→ Task material:
▼▼▼

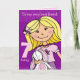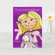 Cette carte dit "À mon meilleur ami 7 aujourd'hui. À l'intérieur : "Joyeux anniversaire". Ou customisez avec vos propres mots. Fun card girl avec cadeau et blanc de lapin chanceux art et design par Sarah Trett.
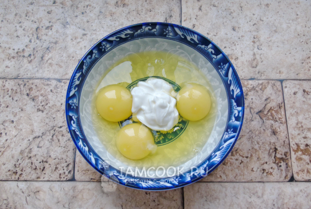 Посолите по вкусу и немного взбейте яйца со сметаной.
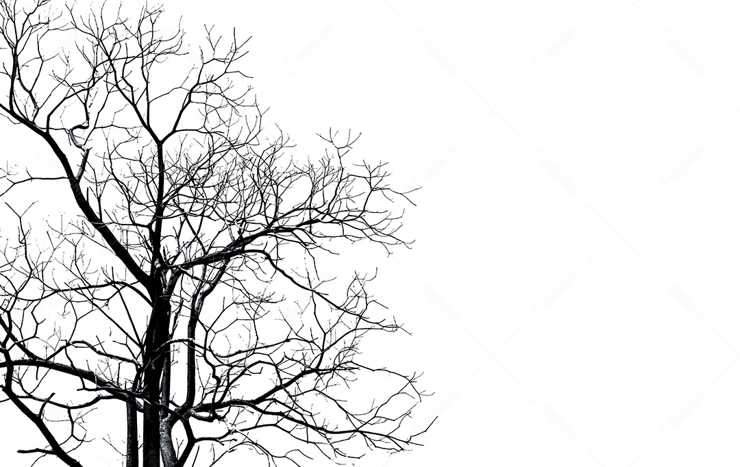 Silhueta de árvore morta e galho isolado no fundo branco.
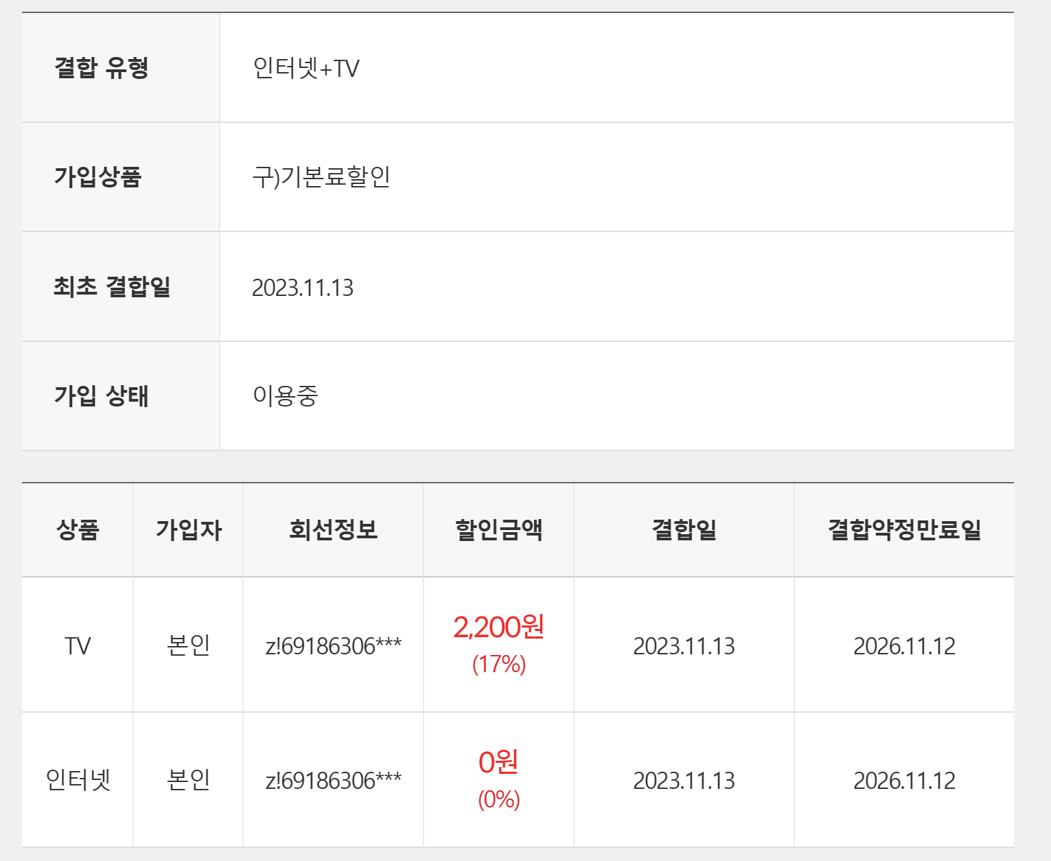2년간 <패밀리> 결합 할인을 적용받으시다가
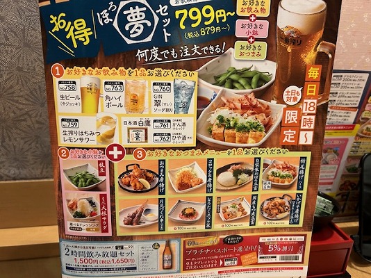 ドリンクに、おつまみが2品付くほろ夢セットってのがお得感を醸し出してます。
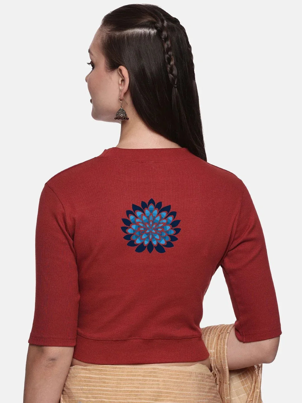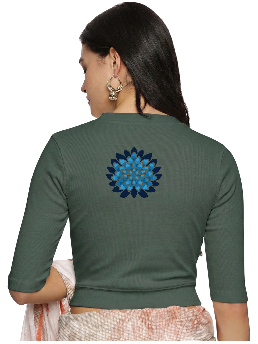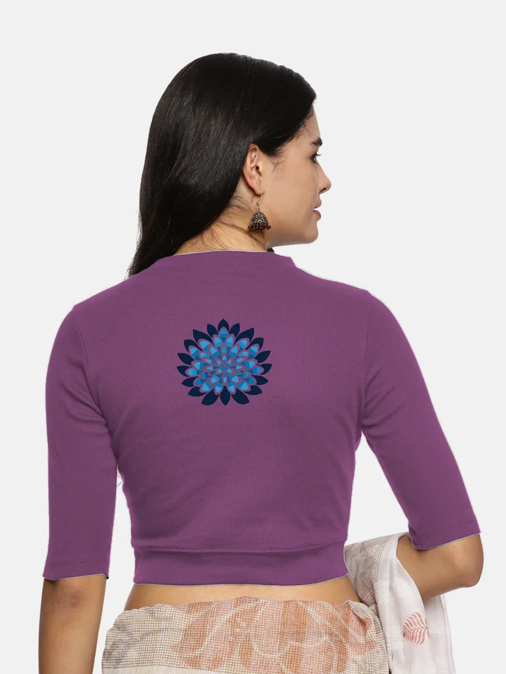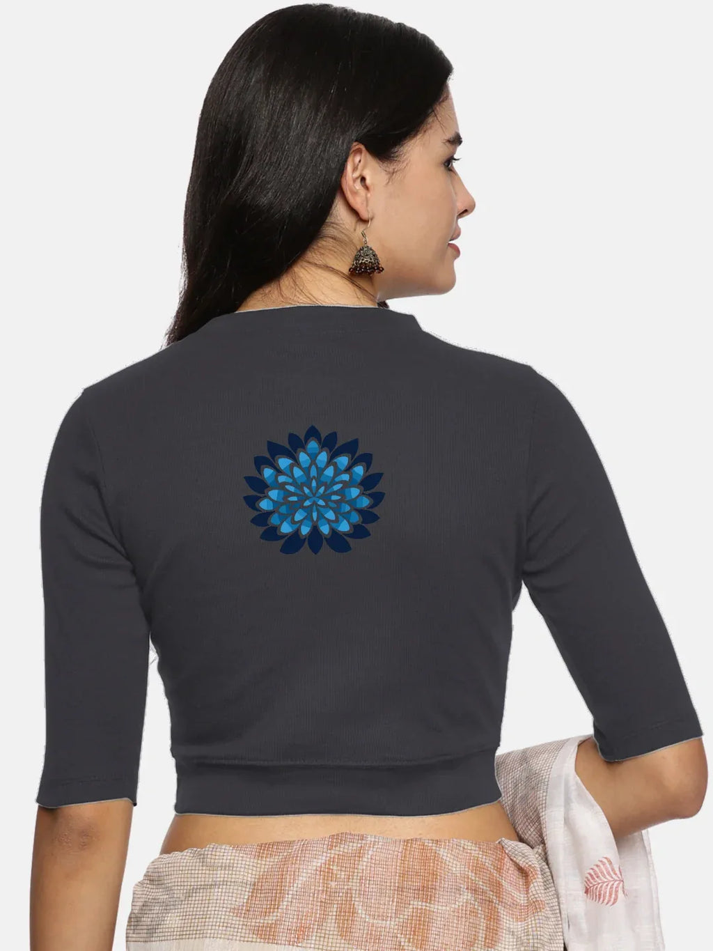RIB blouse with back print in  stretchable soft cotton, has a round neckline, sleeve length till the elbow. The blouse has a Rib double fold band at waist bottom to avoid spillage

▲▲▲

→ What to do: Only the lines from the beginning of the records up to and including the line with "Посолите по вкусу" should appear, exactly as they are, and no pictures.

→ Exercise output:
 Cette carte dit "À mon meilleur ami 7 aujourd'hui. À l'intérieur : "Joyeux anniversaire". Ou customisez avec vos propres mots. Fun card girl avec cadeau et blanc de lapin chanceux art et design par Sarah Trett.
 Посолите по вкусу и немного взбейте яйца со сметаной.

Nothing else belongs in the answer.